Arsa yang sedang memperhatikan tali sepatu yang tampak lebih pendek pagi ini, langsung mendengus. Segala tentang dirinya selalu menyangkut nama orang tuanya. Kalimat perandaian yang lama-kelamaan membuatnya muak dan berasap.

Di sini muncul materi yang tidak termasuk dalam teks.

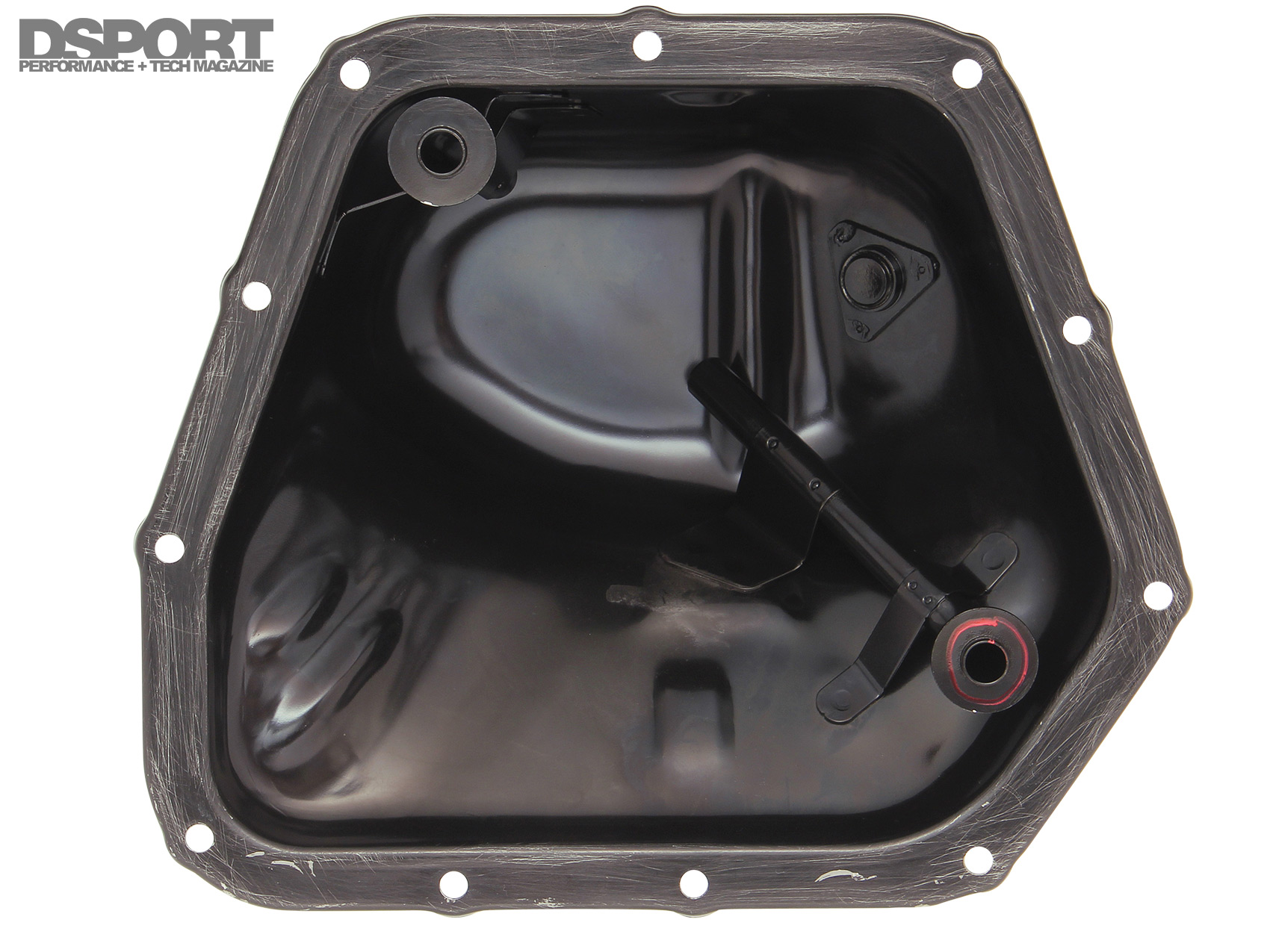 The trochoid shape of the oil pan has slightly changed; whereas the outer dimensions are almost unchanged. One drawback is that the position of the oil filter is too far from the main galley. Ideally, the oil filter would be positioned on the main galley. Under conditions of high loads and low engine speeds, a significant move of the VVT devices could potentially cause an unwanted drop in oil pressure.
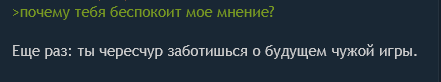 >>50256416 >>50256534 Поставьте себя на их место, в игре же буквально нихуя не происходит. Вы бы еще большую шизу выдавали лишь бы что то запостить в полумертвом канале, лол.
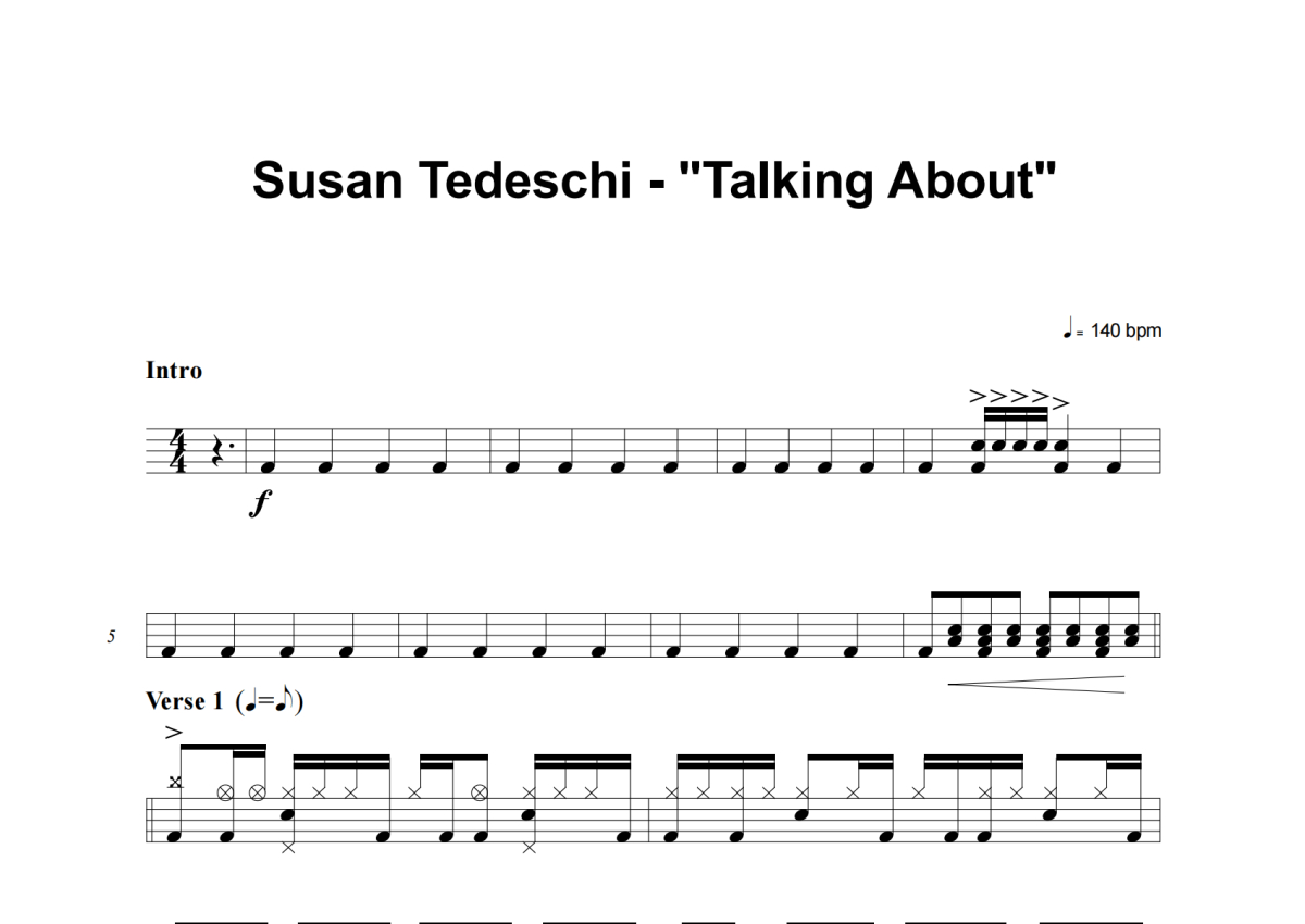 《Talking About》是Susan Tedeschi演唱的一首歌曲,这份架子鼓谱共有五张高清图谱,图谱由 @失眠的土豆 编配上传,图谱使用五线谱编配,使用这份Talking About架子鼓谱,你将能够轻松地敲打出这首Susan Tedeschi的Talking About,快来尝试吧。
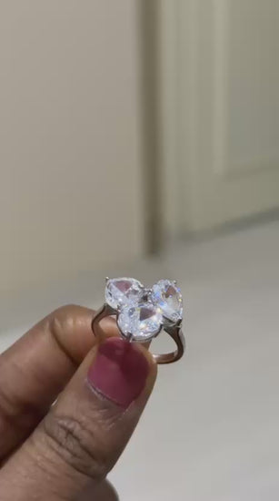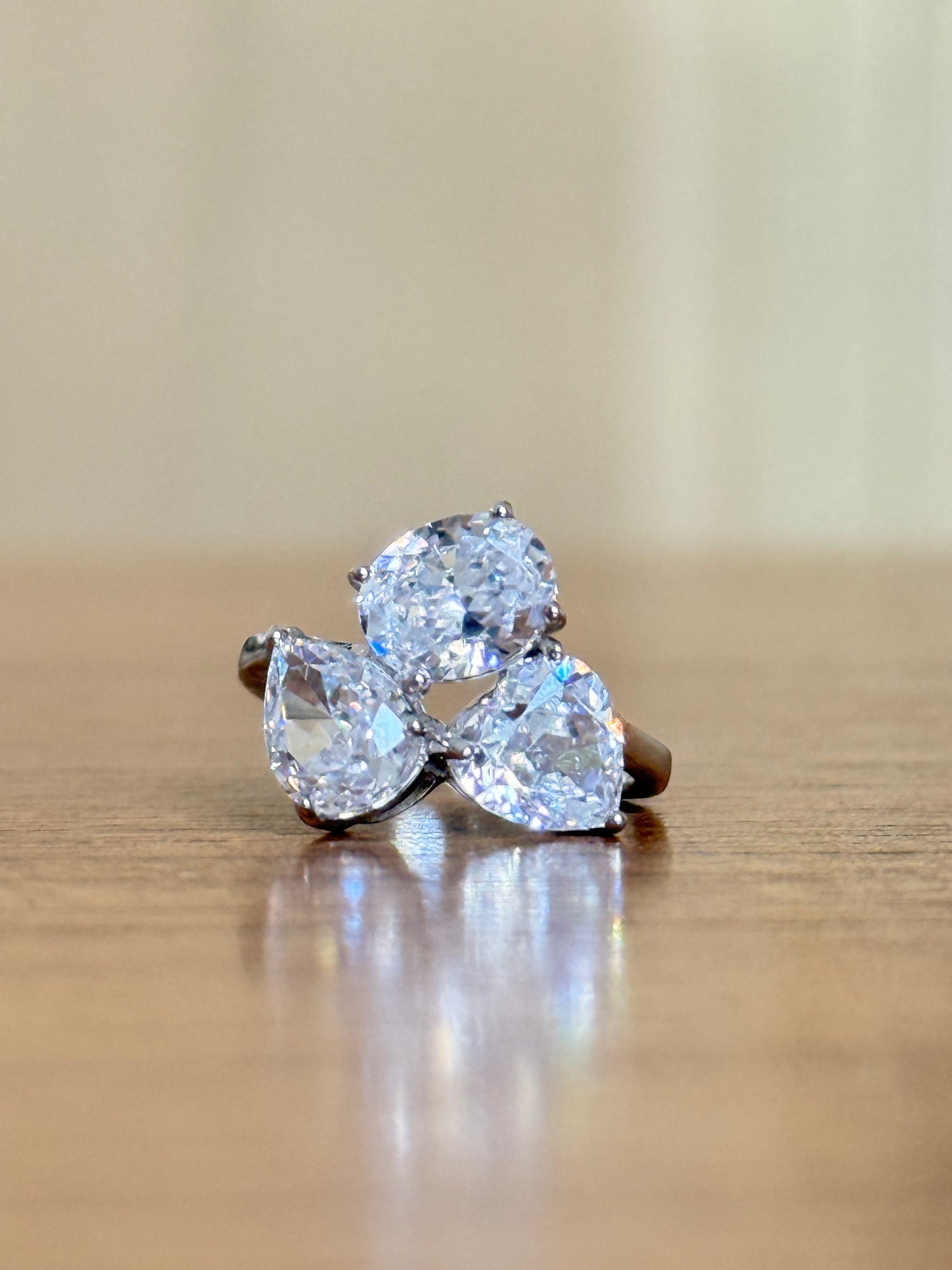 - Stones: 3 Pear-Cut Simulated Diamonds (D-Color)
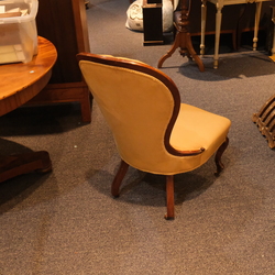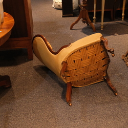 | Omschrijving | Een antiek 19e eeuws mahoniehouten gefineerd breistoeltje met gecapitonneerde rugleuning, op krolpootjes met wieltjes |
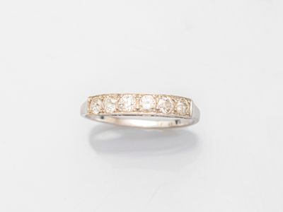 Bague en or gris 750°/°° (18K), sertie de six diamants taill…
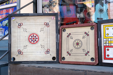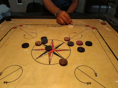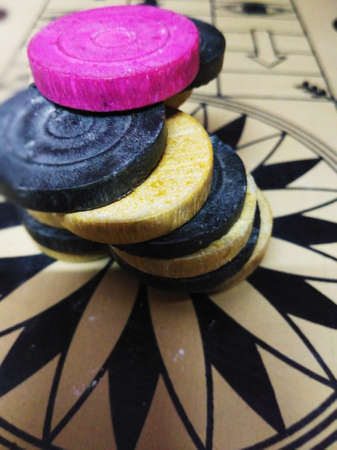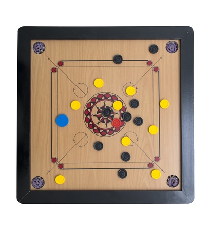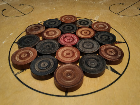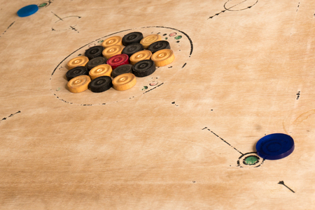 Carrom men arranged on the board for a game. This is a very popular table game played in India and east asia
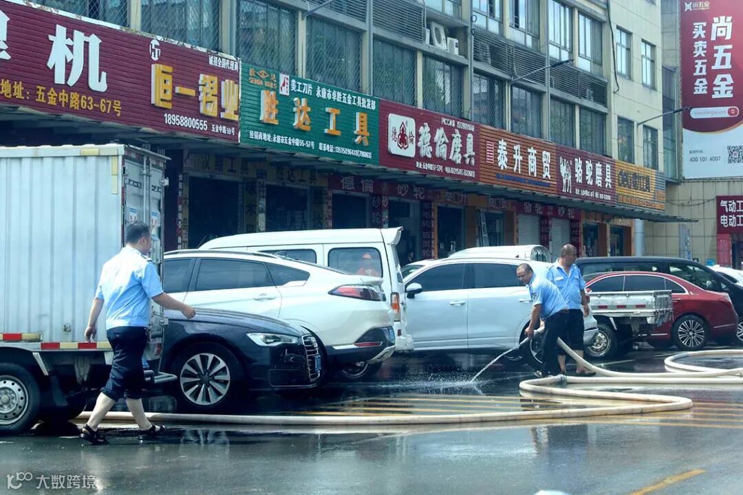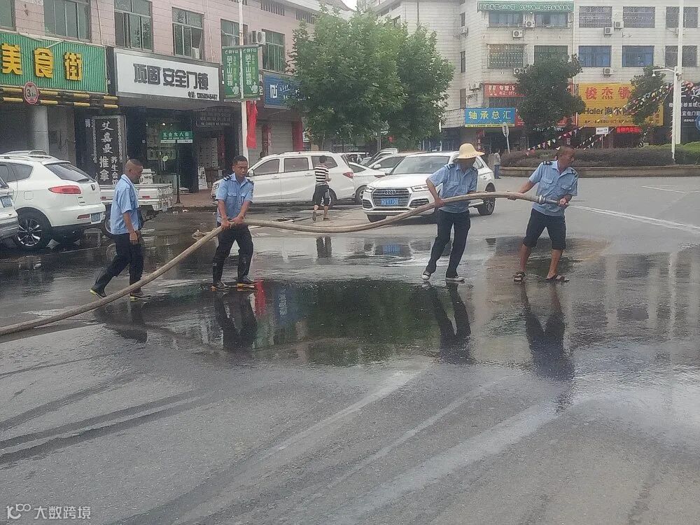 五金城市场经营管理公司立即组织人员,以街(路)为单位对路面淤泥、垃圾进行清洗打扫,疏通下水管道,同时做好市场交通秩序管理,保障道路畅通。
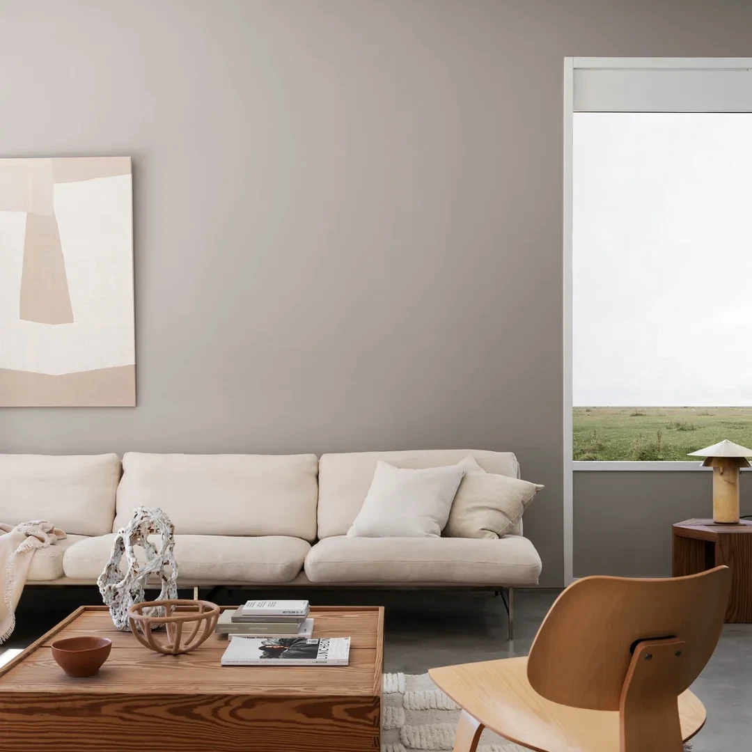 En støvet og dæmpet lavendel farve med en let kølig undertone.

Ia tak pernah meminta pada orang tuanya untuk disekolahkan di sini, kebetulan saja mereka memilikinya dan merasa tak perlu mencarikan sekolah yang lebih baik dari sekolah mereka. Awalnya ia merasa berkuasa, semua orang tunduk padanya detik pertama ia menginjakkan kaki di sekolah ini. Nama belakangnya adalah power untuk mendapatkan apapun yang ia mau.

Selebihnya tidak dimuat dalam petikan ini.